Performance and Economics Analysis of Fully Automated Single-use Tangential Flow Filtration Process
Speaker: Engin Ayturk, Ph.D., BioPharm Applications R&D, PALL Corporation
Fully automated design approach to single-use tangential flow filtration (SUTFF) brings real-time process control, monitoring, flexibility and reliability in manufacture. Gamma irradiated Cadence™ Single-use TFF modules are scalable and easy to use, and form part of the fully automated UF/DF solution from Pall Life Sciences. This approach is well suited for R&D, clinical manufacturing or commercial production up to several hundreds of liters. The system can be implemented in multi-purpose or multi-product facilities, or CMOs (flexible facilities), for applications with containment or safety issues and processes targeting increased productivity. In addition to the application data showcasing SUTFF module performance, a detailed process economics modeling analysis will compare single-use versus conventional stainless steel TFF technologies and quantify the impact of key process parameters. In this context, the modeling strategy and the key points of SUTFF process economics will be presented via sensitivity and benchmark analyses under the main cost of goods categories of capital, materials, consumables, labor and facility operating costs.
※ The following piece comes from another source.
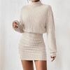 Damska sukienka mini z długim rękawem, golfem, dzianinowa w prążek, seksowna, obcisła

Single Pass Tangential Flow Filtration for Bioprocessing
Speaker: Joseph Parrella, Biomanufacturing Engineer, Biomanufacturing Sciences Network, EMD Millipore
Downstream purification processes for biopharmaceutical products are being challenged by increasing bioreactor titers as well as demand for higher concentration final formulations. In some cases, these challenges may result in a reduction in facility run rate or process yield. Single pass tangential flow filtration (SPTFF) provides a simple and effective solution to overcome these challenges without requiring major changes to facilities or purification processes. This webinar reviews the advantages of SPTFF, discusses applications where SPTFF adds value, provides recommendations for process development, and presents guidance for scale up and implementation.
Going Beyond The Batch: Benefitting From Continuous Thermal Viral Inactivation & Sterilization
When used for viral inactivation, sterilization, or pasteurization of liquid biologicals such as media, pharmaceuticals, and nutraceuticals, Continuous Flow Thermal (CFT) Processing offers many crucial advantages over traditional processing.
Optimizing a Continuous Wet Granulation Process by Understanding Granule Properties
In developing a continuous wet granulation process, it is easy to produce a large number of samples by varying both the formulation as well as the process parameters. Commonly used granule measurements include loss-on drying of residual moisture content, and particle size measurements from which correlations including the Carr Index and Hausner ration may be calculated. However, it is seen that these measurements are not sufficient to differentiate between a large number of samples produced at conditions which are not drastically different. Using a powder rheometer, we have been able to repeatably measure and produce reliable trends at multiple points in the process train (powder feeders, wet granules, dry granules) to determine which powder properties are critical-to-quality in generating the desired tablet properties. In this study two formulations were studied to demonstrate how to use improved understanding of granule properties to develop the design space of a continuous manufacturing process.
Emerging Market Capital Sourcing
Speaker: Kevin Batche, Sr. Procurement Manager, IPS – Integrated Project Services
Evaluated from an operations standpoint rather than a technical standpoint, this webinar looks at common fears as they relate to sourcing process and packaging equipment from emerging markets. Of primary concern are the risks associated with material segregation, cross-contamination, test reports, qualification documentation, as well as parts and service after start-up.